IEEE Trans Med Imaging. 2023 Aug;42(8):2451-2461. doi: 10.1109/TMI.2023.3250474. Epub 2023 Aug 1.
Brain tumor segmentation (BTS) in magnetic resonance image (MRI) is crucial for brain tumor diagnosis, cancer management and research purposes. With the great success of the ten-year BraTS challenges as well as the advances of CNN and Transformer algorithms, a lot of outstanding BTS models have been proposed to tackle the difficulties of BTS in different technical aspects. However, existing studies hardly consider how to fuse the multi-modality images in a reasonable manner. In this paper, we leverage the clinical knowledge of how radiologists diagnose brain tumors from multiple MRI modalities and propose a clinical knowledge-driven brain tumor segmentation model, called CKD-TransBTS. Instead of directly concatenating all the modalities, we re-organize the input modalities by separating them into two groups according to the imaging principle of MRI. A dual-branch hybrid encoder with the proposed modality-correlated cross-attention block (MCCA) is designed to extract the multi-modality image features.
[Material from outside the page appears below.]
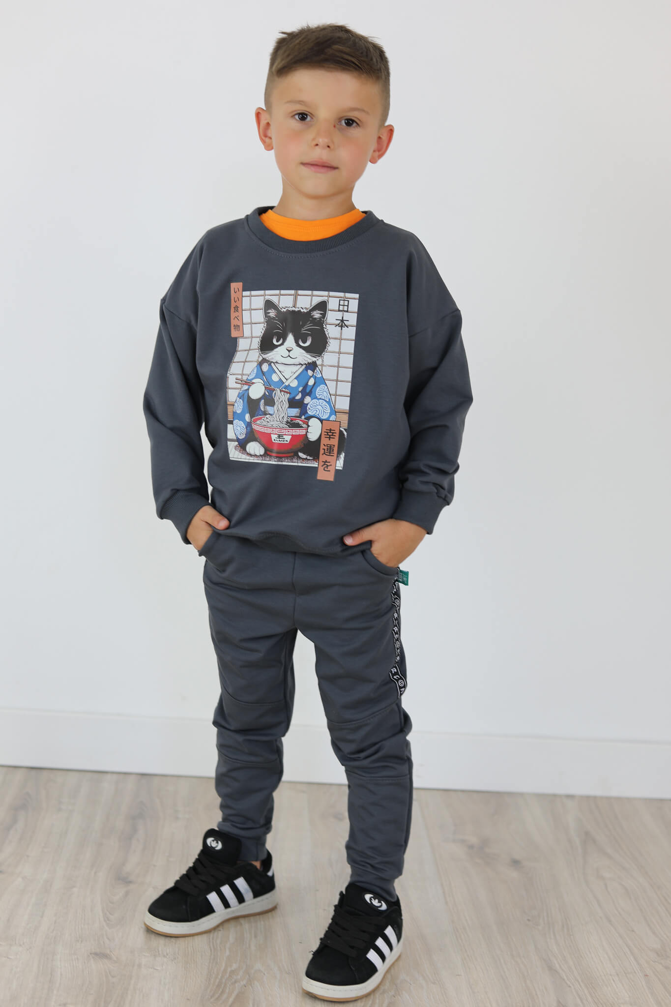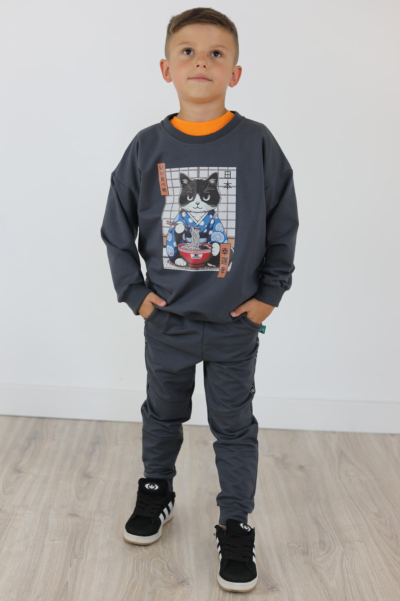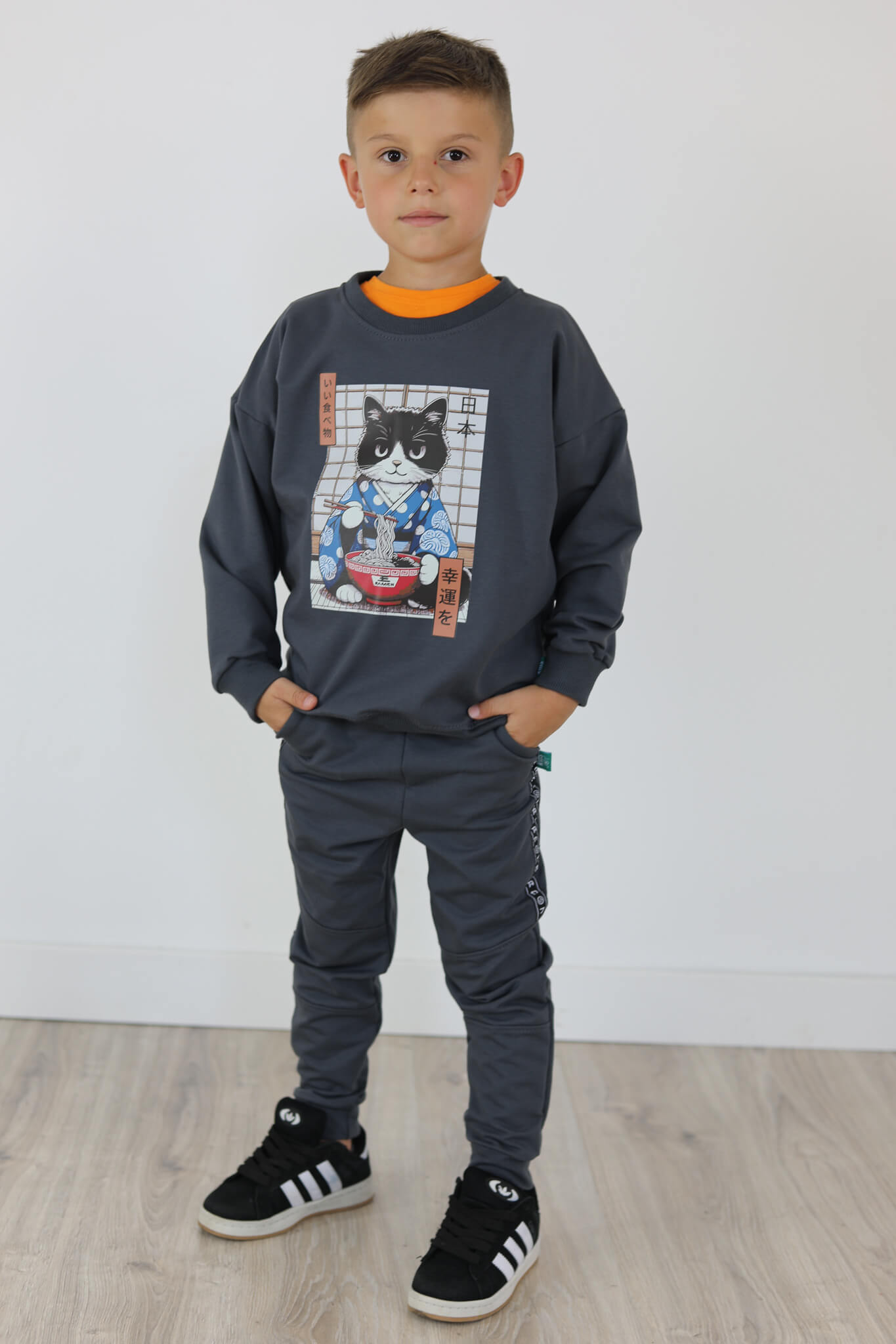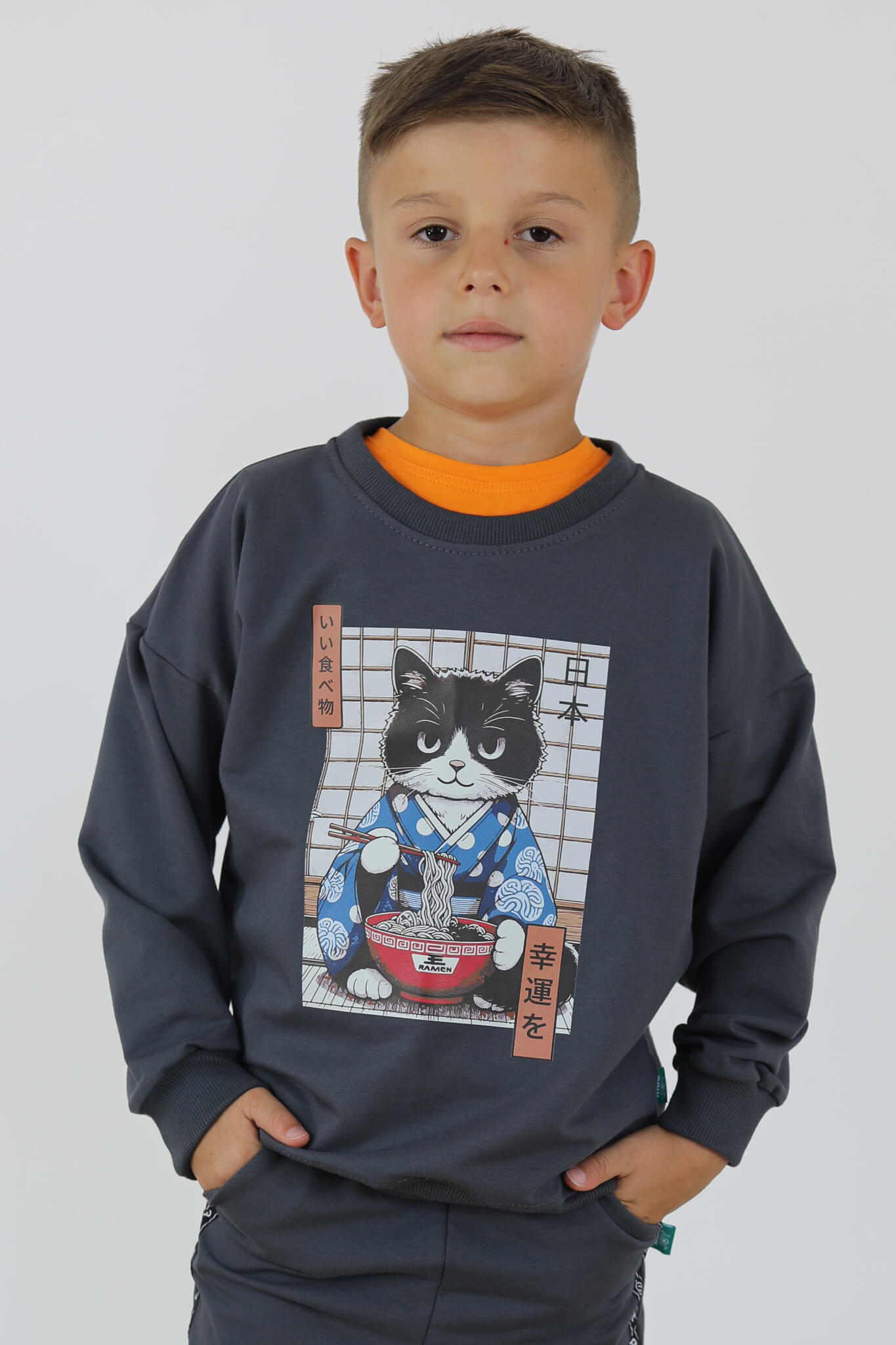 Bluza motylkowy rękaw KOT RAMEN grafit

The proposed model inherits the strengths from both Transformer and CNN with the local feature representation ability for precise lesion boundaries and long-range feature extraction for 3D volumetric images. To bridge the gap between Transformer and CNN features, we propose a Trans&CNN Feature Calibration block (TCFC) in the decoder. We compare the proposed model with six CNN-based models and six transformer-based models on the BraTS 2021 challenge dataset. Extensive experiments demonstrate that the proposed model achieves state-of-the-art brain tumor segmentation performance compared with all the competitors.
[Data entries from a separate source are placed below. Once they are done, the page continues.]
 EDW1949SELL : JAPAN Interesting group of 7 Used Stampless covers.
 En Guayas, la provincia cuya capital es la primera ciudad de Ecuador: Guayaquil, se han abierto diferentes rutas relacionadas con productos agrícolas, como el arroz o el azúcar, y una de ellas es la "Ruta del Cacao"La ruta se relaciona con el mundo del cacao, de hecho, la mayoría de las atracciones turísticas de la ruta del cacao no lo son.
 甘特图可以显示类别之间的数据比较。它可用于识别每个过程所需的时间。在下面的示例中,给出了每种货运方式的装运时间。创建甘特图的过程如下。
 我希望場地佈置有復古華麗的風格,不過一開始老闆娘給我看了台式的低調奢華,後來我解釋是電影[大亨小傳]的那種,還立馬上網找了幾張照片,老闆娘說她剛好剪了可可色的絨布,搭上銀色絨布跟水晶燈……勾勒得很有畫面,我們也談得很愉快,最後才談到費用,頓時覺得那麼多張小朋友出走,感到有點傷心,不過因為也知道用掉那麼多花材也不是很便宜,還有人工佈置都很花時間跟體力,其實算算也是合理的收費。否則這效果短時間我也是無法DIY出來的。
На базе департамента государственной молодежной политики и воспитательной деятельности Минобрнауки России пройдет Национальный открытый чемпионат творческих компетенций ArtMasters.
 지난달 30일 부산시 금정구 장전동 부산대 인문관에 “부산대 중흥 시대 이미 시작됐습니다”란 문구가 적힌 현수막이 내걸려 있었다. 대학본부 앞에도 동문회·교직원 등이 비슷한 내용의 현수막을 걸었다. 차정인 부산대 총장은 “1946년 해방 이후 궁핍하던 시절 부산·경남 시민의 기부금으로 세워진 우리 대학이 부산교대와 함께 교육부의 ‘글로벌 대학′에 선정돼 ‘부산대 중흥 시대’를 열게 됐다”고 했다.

脑肿瘤分割(BTS)在磁共振成像(MRI)中对于脑肿瘤的诊断、癌症的管理和研究目的至关重要。随着十年来 BraTS 挑战赛的巨大成功以及 CNN 和 Transformer 算法的进步,提出了许多出色的 BTS 模型来解决 BTS 在不同技术方面的困难。然而,现有研究几乎没有考虑如何以合理的方式融合多模态图像。在本文中,我们利用放射科医生从多种 MRI 模式诊断脑肿瘤的临床知识,提出了一种临床知识驱动的脑肿瘤分割模型,称为 CKD-TransBTS。我们不是直接将所有模态连接起来,而是根据 MRI 的成像原理将输入模态分为两组。设计了一个具有所提出的模态相关交叉注意块(MCCA)的双分支混合编码器,以提取多模态图像特征。所提出的模型继承了 Transformer 和 CNN 的优势,具有局部特征表示能力,用于精确的病变边界,以及用于 3D 体积图像的远程特征提取。为了弥合 Transformer 和 CNN 特征之间的差距,我们在解码器中提出了一个 Trans&CNN 特征校准块(TCFC)。我们在 BraTS 2021 挑战赛数据集上比较了所提出的模型与六个基于 CNN 的模型和六个基于 Transformer 的模型。大量实验表明,与所有竞争对手相比,所提出的模型在脑肿瘤分割性能方面达到了最新水平。